Karte: Fußballprovinz Hoffenheim – wo sie zu finden ist
Nachts tropft nur an der Ecke Sinsheimer/Eschelbacher Straße noch müdes Licht auf die verödete B 45, die das ganze Dorf durchschneidet. Mehmed Akseven hält in seinem „Memo Bistro-Pizzeria-Kebab-Dönerladen“ bis Mitternacht durch.Ein Döner-Schuppen, der vom Gastarbeiter-Deutschland kündet und in dem tagsüber die endlosen Lastwagen-Karawanen die Scheiben erzittern lassen.
Ganz normal aber ist die Bude nicht. Das Haus, in dem sich jetzt Fernfahrer und Türken Döner und Tee reinziehen, war einst das Elternhaus des kleinen Dietmar, des Sohns eines hartherzigen Lehrers. Dieser war zum späten, aber nachhaltigen Entsetzen des Sohnes bei den Nazis in Judendeportationen verstrickt. Und nach dem „1 000-jährigen Reich“ hat er dem Bub für alle weiteren Ewigkeiten das Balltreten bei „Hoffe“ verboten. Das hat dem Dietmar damals mehr zugesetzt als alles andere.

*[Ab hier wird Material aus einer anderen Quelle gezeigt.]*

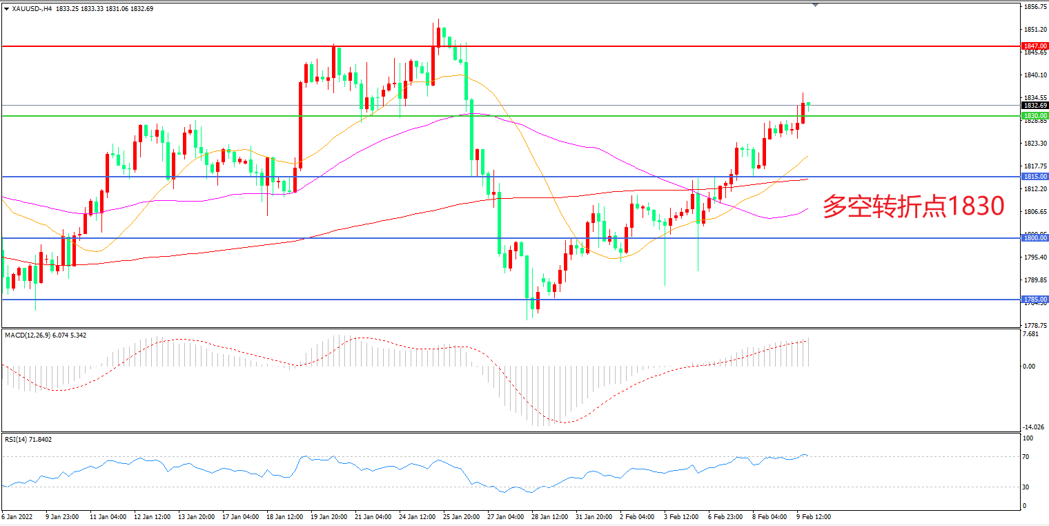 周三(2月9日),在欧洲央行行长拉加德本周稍早称不需要大幅收紧货币、高通胀会回落后,美债收益率与美指携手回落,现货黄金小幅走高,收报1832.88美元/盎司。日内基金公布美国CPI数据极为重要,它将有助于市场确认,美联储在3月份加息幅度是中规中矩的25个基点还是直接50个基点起步,务必重点关注。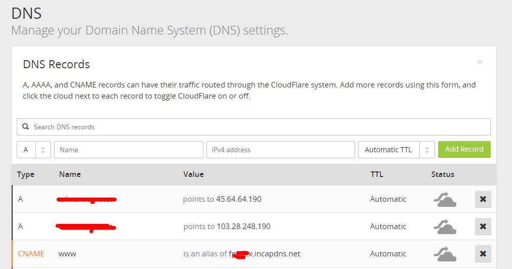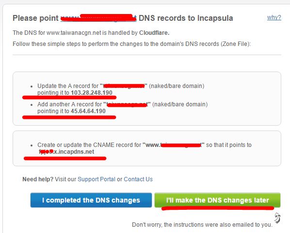 顯示Incapsula提供的站點A紀錄與CNAME紀錄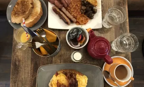 The Scoffs English is legendary, so much so it’s served all day long. A plate full, enjoy butcher’s sausages, thick cut bacon, a fried egg, oven-roasted tomato, Heinz beans, pan-fried mushrooms, a hash brown and toast. Feeling particularly peckish? Size up for the Double English. Or, gobble up The Smoker; bloomer toast, three scrambled St Ewe’s free range eggs, melted Applewood smoked cheese topped with Cornish smoked bacon. Wash your breakfast down with cold brew coffee!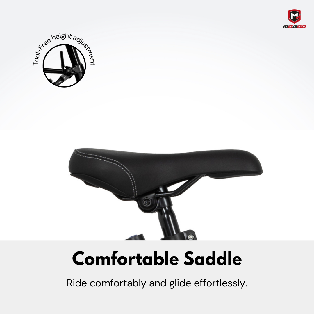Turn sidewalks into runways with this sweet, playful design. The unique folding frame makes this choice extremely versatile as it can easily fit in small places while also being ready for those spontaneous adventures. The design places the seat a little farther back and with a lower center of gravity. That results in a more upright riding position with full leg extension This more upright riding position with raised handlebars eliminates wrist, arm, neck, and leg fatigue. You won’t believe the difference in how comfortable you feel while you ride!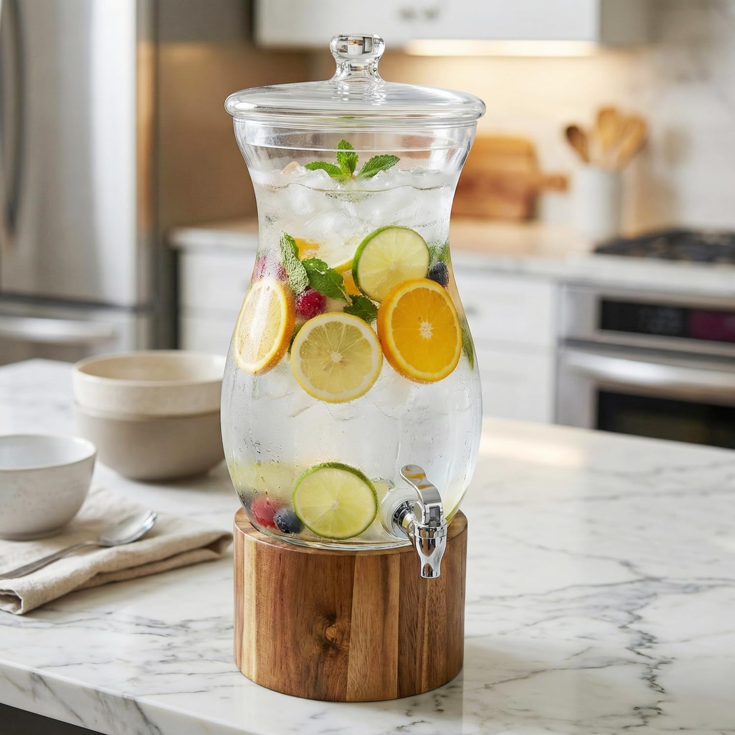 Enjoy this beverage dispenser from American Atelier. It is made of glass with a wood base and has a 1.5 gallon capacity. This set coordinates with other Madera serving pieces. Great for indoor and outdoor parties and gatherings.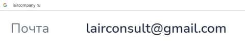 Мошенники Лаир Компани на своем официальном интернет-сервисе указывают адрес электронной почты, а именно: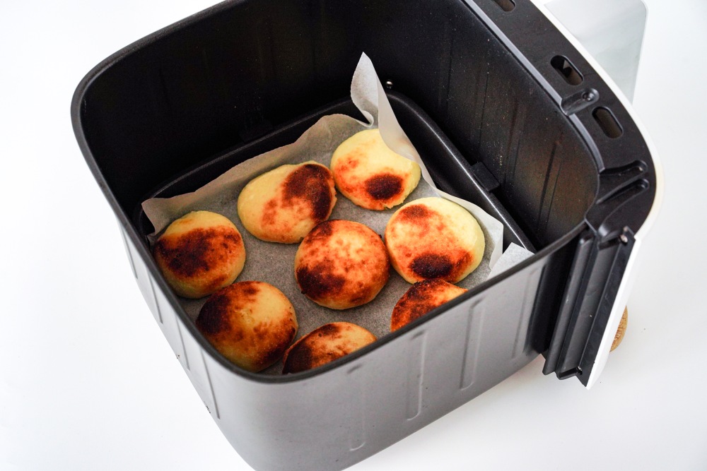 Включить аэрогриль и готовить сырники при 180 °C около 12-15 минут. По желанию можно аккуратно перевернуть сырники в середине выпекания. Достать один сырник и слегка разломить его. Внутри он должен быть мягким, но не влажным и не липким. Если серединка кажется сырой, вернуть сырники в аэрогриль ещё на 2–3 минуты.

Aber womöglich war Papas Rempler gegen den fußballjecken Sohn der Start-up zu einem weitaus tolleren, milliardenschweren Spiel. Denn aus Dietmar wurde der SAP-Gründer Hopp, einer der reichsten Männer der Republik. Jetzt gebietet der auch über die TSG, die er – wie es alle großen Profivereine tun – in eine GmbH verwandelt hat. Und die soll am Sonntag in die Bundesliga aufsteigen. Gerade dieser Tage will deshalb auch keiner bestreiten, dass an der Kreuzung zur B 45 die Wiege des Bundesligisten „TSG 1899 Hoffenheim“ steht.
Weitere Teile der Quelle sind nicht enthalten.